La última batalla de AMLO

Alberto Aguirre | OPINIÓN

Quedan 35 semanas a la presidencia de Andrés Manuel López Obrador. Después se irá a La Chingada. Antes, fiel a su estilo único de gobernar, el líder tabasqueño seguirá marcando la agenda setting… al margen de la restrictiva legislación electoral vigente.

Al arranque del último periodo ordinario de sesiones de la LXV Legislatura del Congreso de la Unión estaba por confirmarse si el Ejecutivo federal recurriría a su facultad para presentar como iniciativa preferente su paquete de 11 reformas constitucionales, que abarcan el nuevo sistema de pensiones y la redefinición del aparato institucional de contrapesos.
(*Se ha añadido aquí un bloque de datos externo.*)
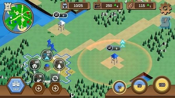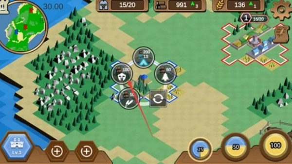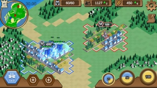 你能够建造伐木场、农田和兵营,从而获取木材、粮食与士兵数量。其中,木材用于建筑的建造和升级,粮食是产出士兵的必要资源,兵营则承担着训练士兵的功能。因此,玩家需要在这三种建筑以及对应的资源之间进行权衡考量,进而制定出最优化的策略方案。

La oposición ha decidido no dejar que la Cuarta Transformación le arranque otra bandera y ha adelantado que no bloqueará la discusión sobre las pensiones. Su candidata presidencial y sus asesores priistas tal vez no conozcan o no han consultado el diccionarios sobre el populismo de Oxford. De haberlo hecho, no habría tomado esa ruta.

Nada raro, después de cinco años de diagnósticos erróneos. Sin distinguir entre lo que es el movimiento y el poder gobernante, los opositores a la Cuarta Transformación tampoco atinan, ante las implicaciones de la propuesta presidencial, que —en teoría— busca potenciar el derecho de los ciudadanos a participar, tanto en el poder informal de la creación de opinión, como en la designación formal de legisladores y los integrantes del Poder Judicial.

Hay amplia literatura para sostener que es inexacto tratar al populismo como equivalente a los “movimientos sociales”, los movimientos de protesta o “lo popular”. El populismo como movimiento es distinto al populismo como poder dentro del Estado. La hostilidad imperante hacia el pluralismo de partidos, los principios de la democracia constitucional y la división de poderes son la ratificación de muchos tratados de teoría política.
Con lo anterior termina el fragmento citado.